[Start of Attachment]
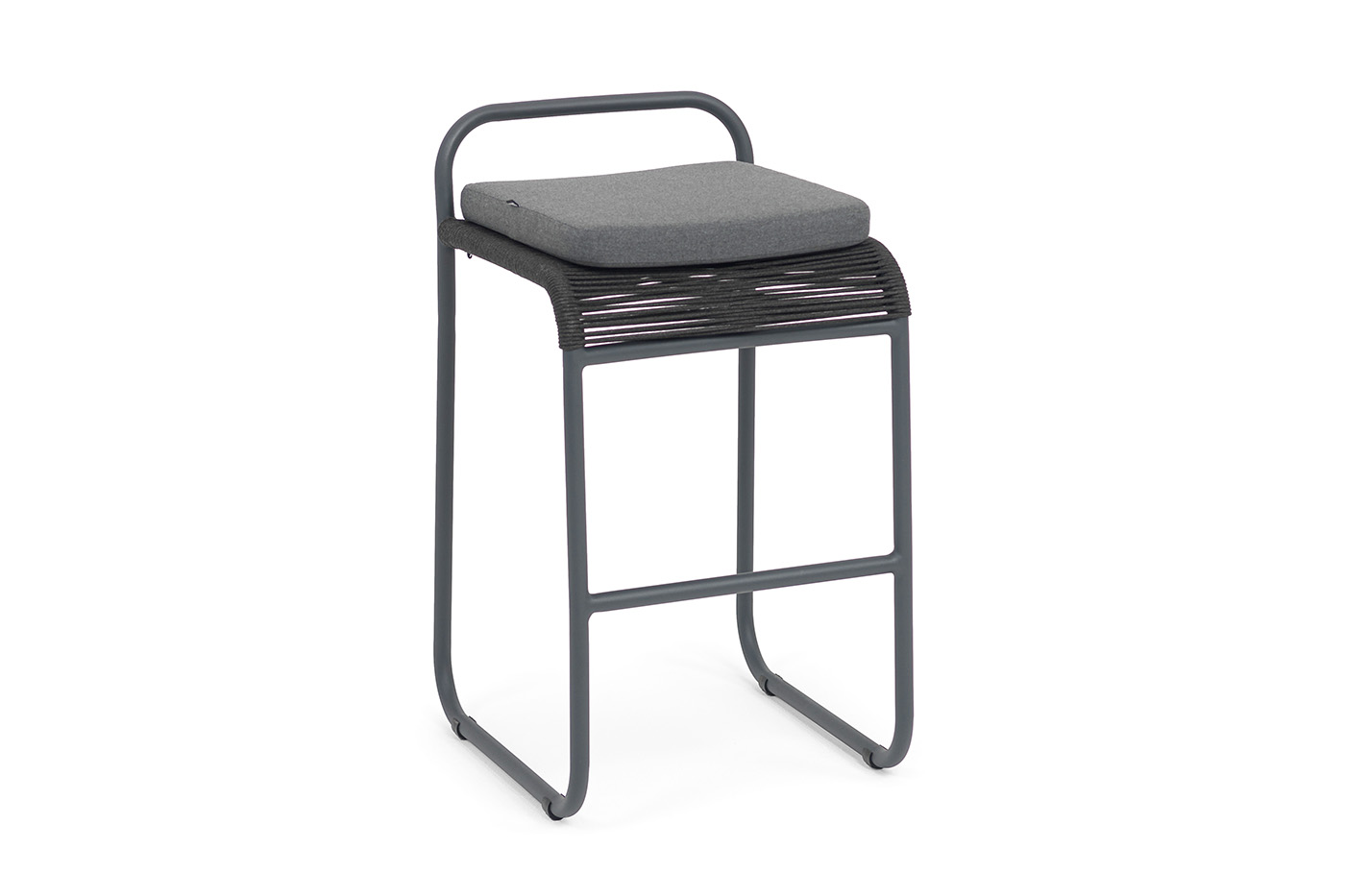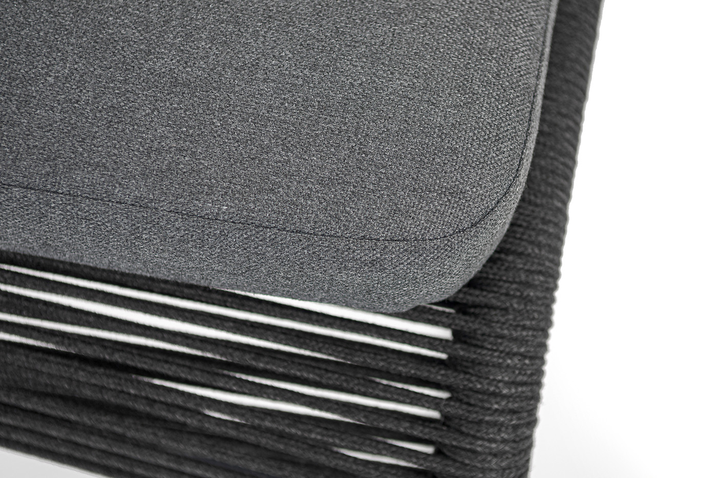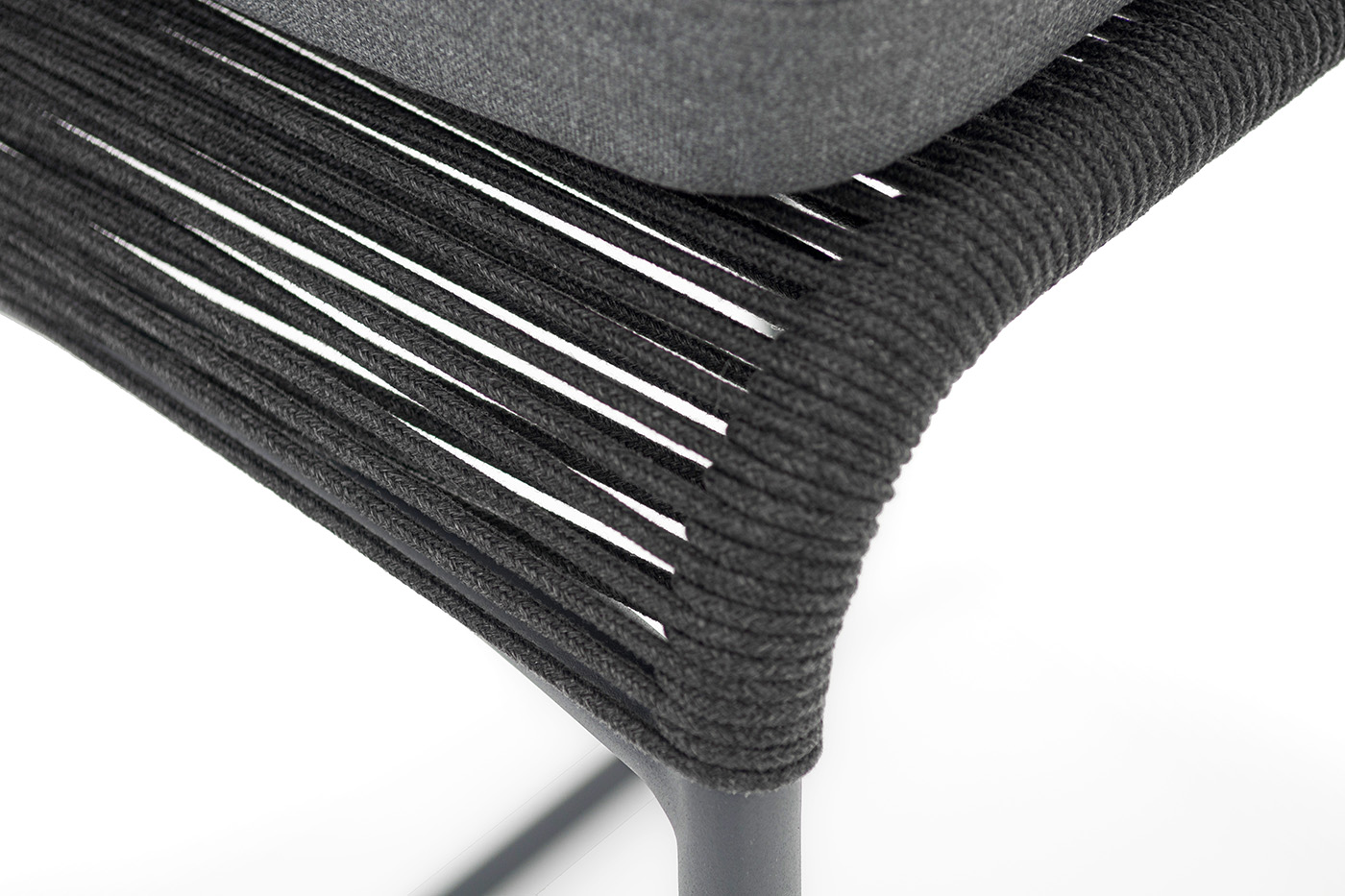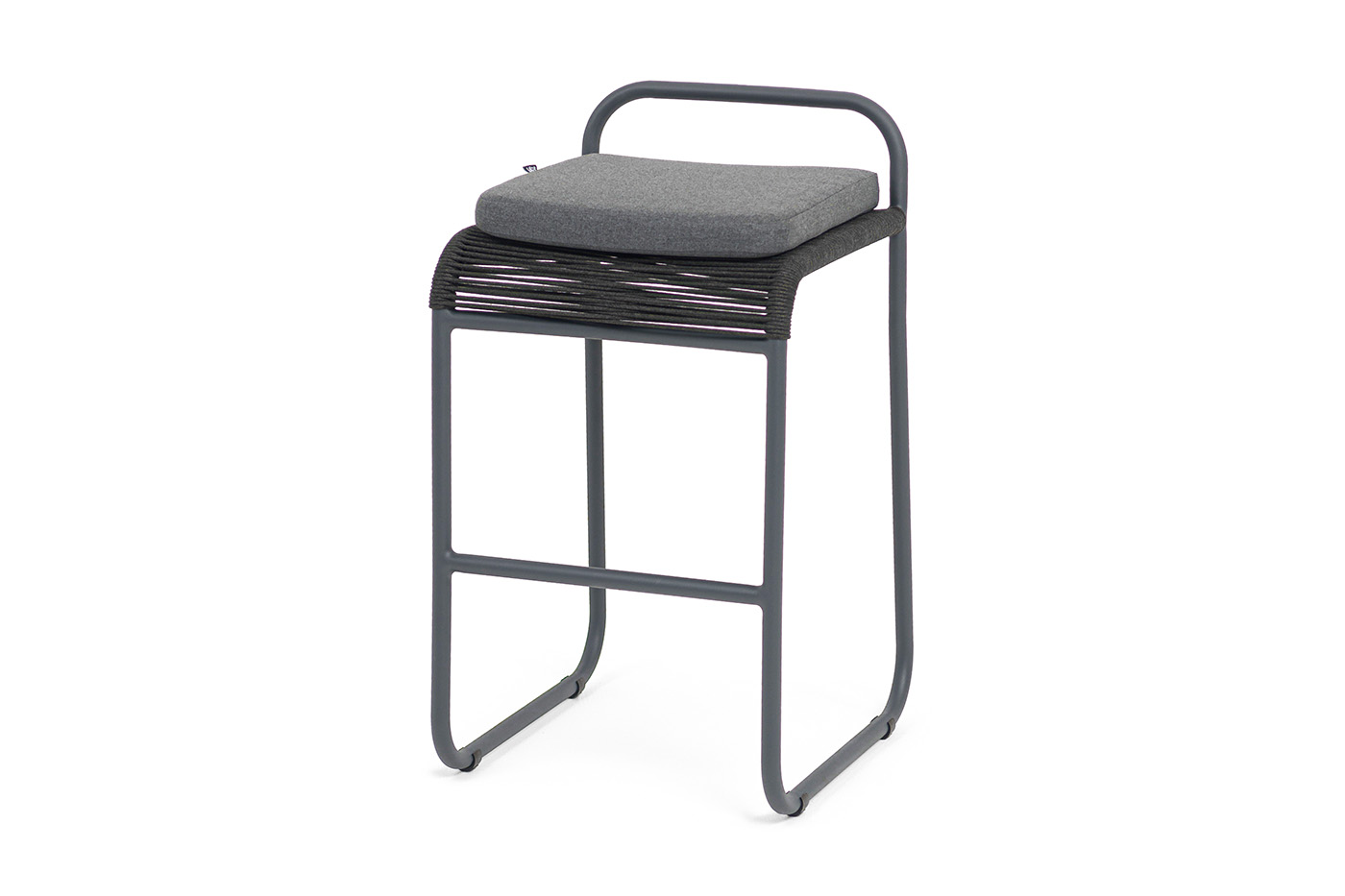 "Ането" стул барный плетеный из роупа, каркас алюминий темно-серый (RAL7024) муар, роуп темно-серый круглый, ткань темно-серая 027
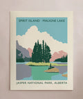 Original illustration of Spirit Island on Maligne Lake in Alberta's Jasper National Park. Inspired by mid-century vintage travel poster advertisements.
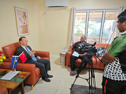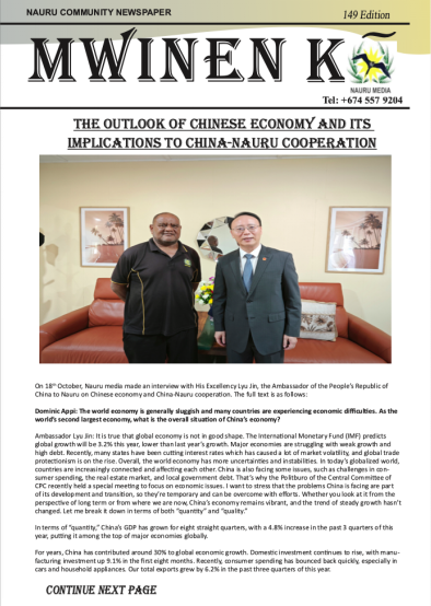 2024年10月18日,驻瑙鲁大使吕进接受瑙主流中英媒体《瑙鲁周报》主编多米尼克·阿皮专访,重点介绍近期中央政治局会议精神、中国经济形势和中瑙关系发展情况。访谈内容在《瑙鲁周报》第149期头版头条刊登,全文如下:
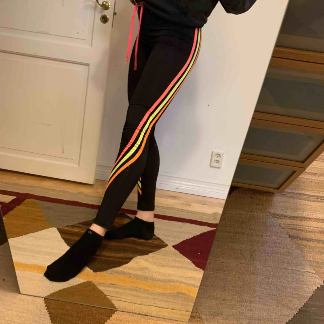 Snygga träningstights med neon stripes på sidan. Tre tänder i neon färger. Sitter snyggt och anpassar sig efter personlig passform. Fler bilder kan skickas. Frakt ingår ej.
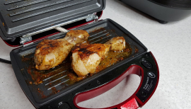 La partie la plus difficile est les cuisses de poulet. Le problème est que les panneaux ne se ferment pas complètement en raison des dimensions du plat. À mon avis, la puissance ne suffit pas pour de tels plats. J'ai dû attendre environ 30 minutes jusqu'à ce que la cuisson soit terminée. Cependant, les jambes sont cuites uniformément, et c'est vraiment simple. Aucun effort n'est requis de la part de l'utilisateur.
[End of Attachment]
Task brief — Write all the lines above out again exactly, minus the images.

Output for this task —
 "Ането" стул барный плетеный из роупа, каркас алюминий темно-серый (RAL7024) муар, роуп темно-серый круглый, ткань темно-серая 027
 Original illustration of Spirit Island on Maligne Lake in Alberta's Jasper National Park. Inspired by mid-century vintage travel poster advertisements.
 2024年10月18日,驻瑙鲁大使吕进接受瑙主流中英媒体《瑙鲁周报》主编多米尼克·阿皮专访,重点介绍近期中央政治局会议精神、中国经济形势和中瑙关系发展情况。访谈内容在《瑙鲁周报》第149期头版头条刊登,全文如下:
 Snygga träningstights med neon stripes på sidan. Tre tänder i neon färger. Sitter snyggt och anpassar sig efter personlig passform. Fler bilder kan skickas. Frakt ingår ej.
 La partie la plus difficile est les cuisses de poulet. Le problème est que les panneaux ne se ferment pas complètement en raison des dimensions du plat. À mon avis, la puissance ne suffit pas pour de tels plats. J'ai dû attendre environ 30 minutes jusqu'à ce que la cuisson soit terminée. Cependant, les jambes sont cuites uniformément, et c'est vraiment simple. Aucun effort n'est requis de la part de l'utilisateur.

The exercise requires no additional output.